The HPV vaccine is a very important development for preventing cancer. Cervical cancer is the number one cancer in Africa, it is entirely preventable through vaccination and that vaccine is relatively affordable. So in terms of long-term solutions this is the centre of any solution that we come up with. In the short term there are challenges around availability of the HPV vaccine, so there are not enough doses right now to supply everyone. This is one of the challenges that we have which is that when we negotiate for lower prices for some parts of the world when there is a shortage then companies are not incentivised to sell in those parts of the world where profits are smaller. So there is going to be in the near term some challenges around availability of vaccine but at the same time if we can get vaccination built into national strategies once we solve some of that supply side then we can start focussing on the demand side and getting girls vaccinated.

Is there any other international help and funding for these vaccines? Is there any pushback?

I can tell you that Gavi is very much behind the HPV vaccination programmes so there’s a lot of support coming from Gavi to expand access to those vaccines. I expect we would see that from other international actors as well. It’s a really good solution and it’s a really good buy for cancer prevention.

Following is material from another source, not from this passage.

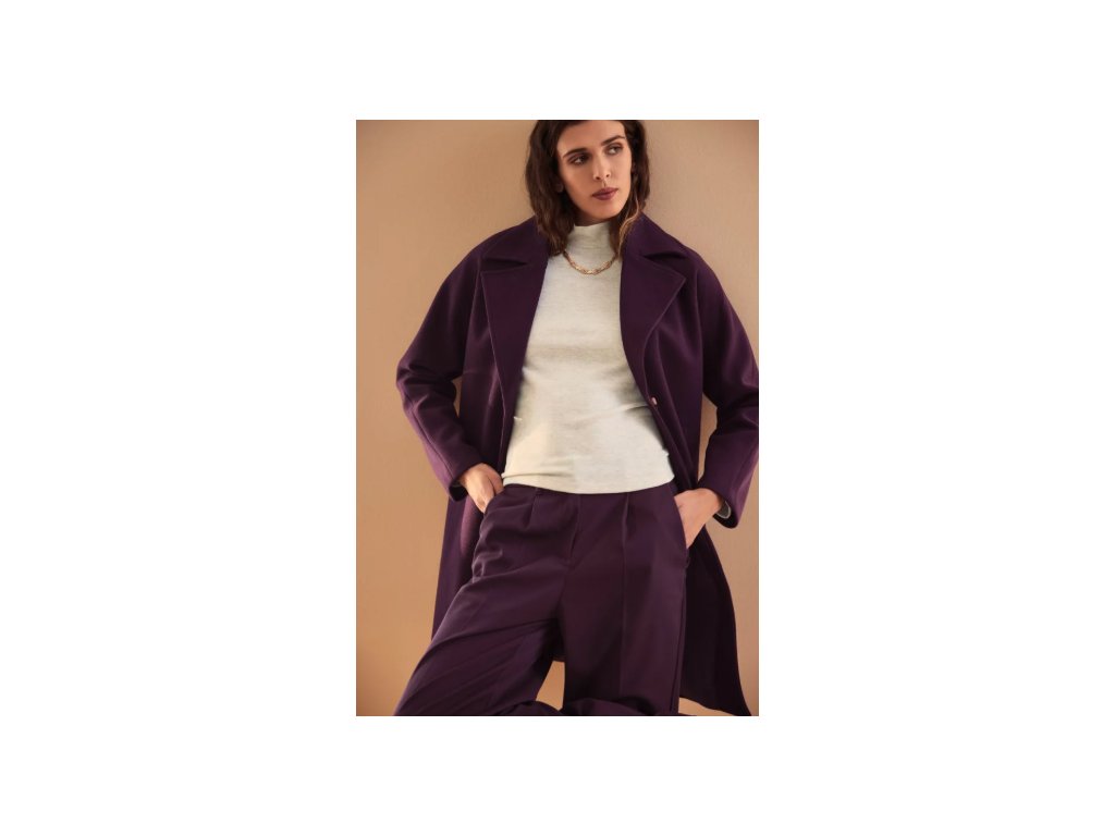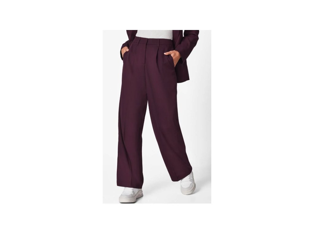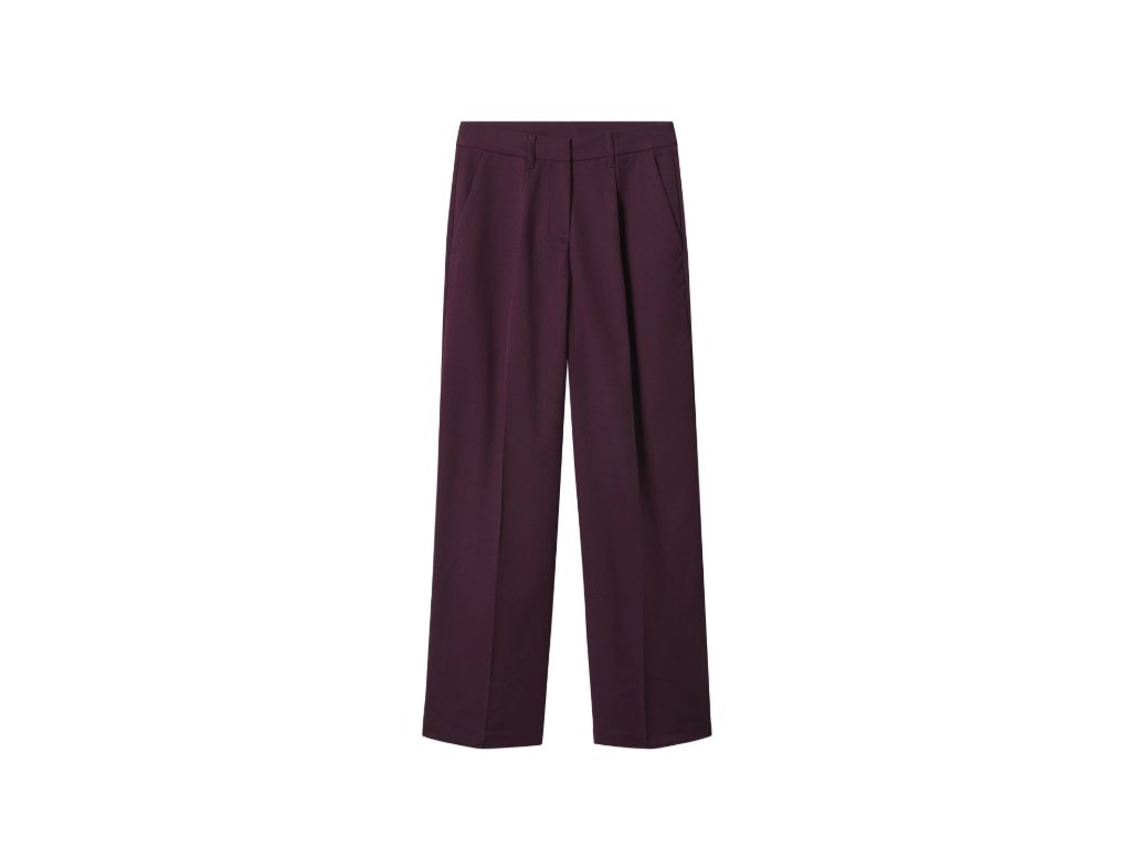 Materiál tvoří směs recyklovaného polyesteru, viskózy od společnosti Lenzing a elastanu LYCRA®, což zajišťuje tvarovou stálost a optimální přizpůsobení postavě. Kalhoty jsou opatřeny praktickými bočními kapsami a dekorativními falešnými kapsami na zadní straně. Přední část doplňují záhyby v pase, které podtrhují klasický vzhled, zatímco zapínání je řešeno kvalitním značkovým zipem YKK.
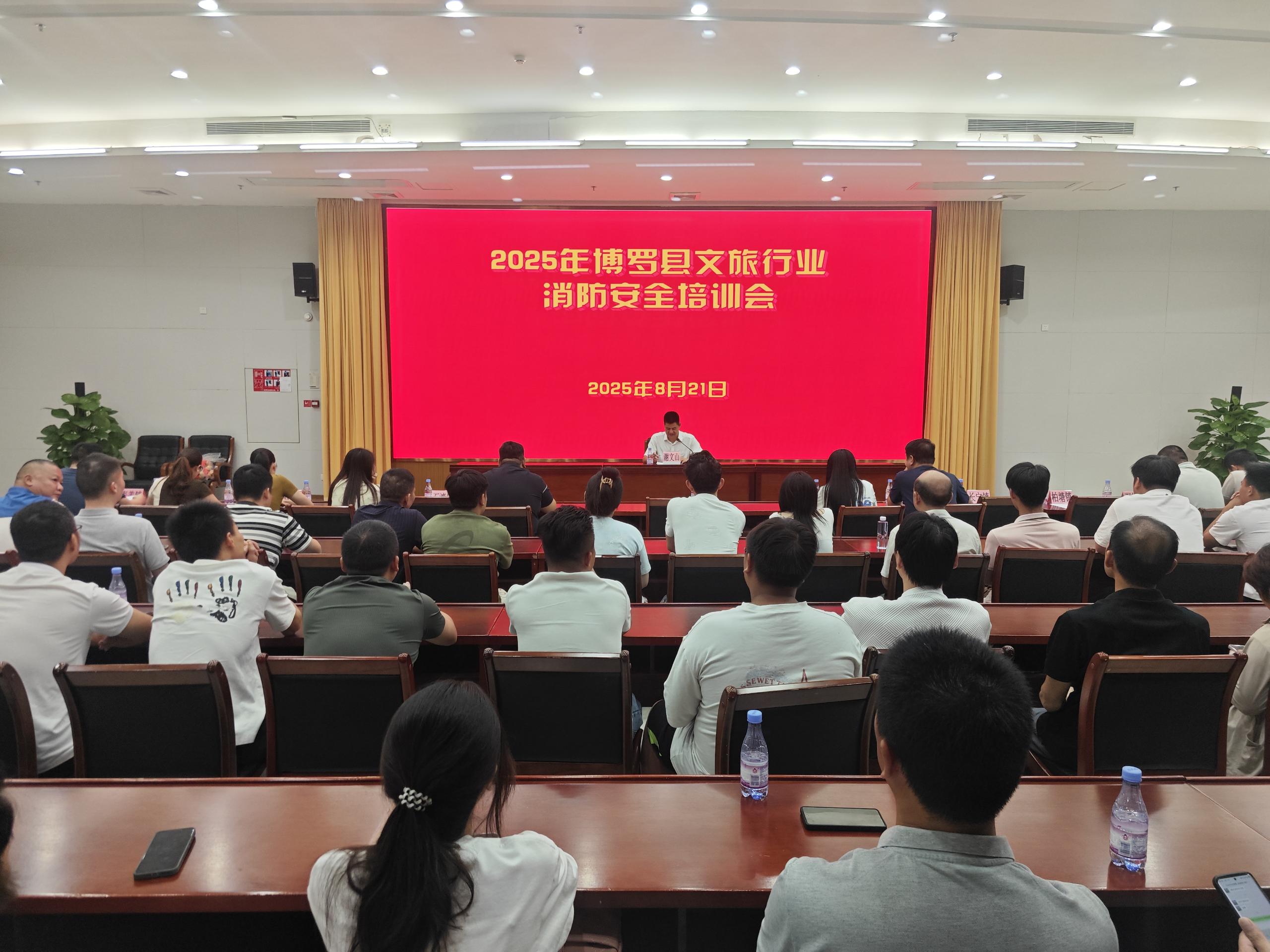 8月21日上午,2025年博羅縣文旅行業(yè)消防安全培訓(xùn)會在博羅縣文化中心召開。各鎮(zhèn)(街道)相關(guān)工作人員,局各股室(隊(duì))、下屬事業(yè)單位相關(guān)工作人員,以及全縣網(wǎng)吧、劇本娛樂場所、星級飯店、納入登記民宿、A級景區(qū)、旅行社消防安全責(zé)任人共約120余人參加了培訓(xùn)會。會議由局黨組成員、副局長謝文山主持。

In terms of the pushback that we see in the US, I don’t think it’s necessarily a given that we would see that in other countries and we haven’t seen it in sub-Saharan Africa. A lot of that is political and the challenge for us is just to get people accurate information and then to roll these vaccines out in a way that makes sense in the cultural context that it’s delivered in. Too, people in the US aren’t used to seeing a lot of cervical cancer because we’ve had strong screening programmes whereas in sub-Saharan Africa people are aware that cervical cancer is the number one cancer so it is something that people have a lot more awareness about than we do in the US.

Do you also work in Asia or South America?

The American Cancer Society has some projects in Latin America, mostly around our prevention programmes, but when it comes to cancer treatment our focus is sub-Saharan Africa.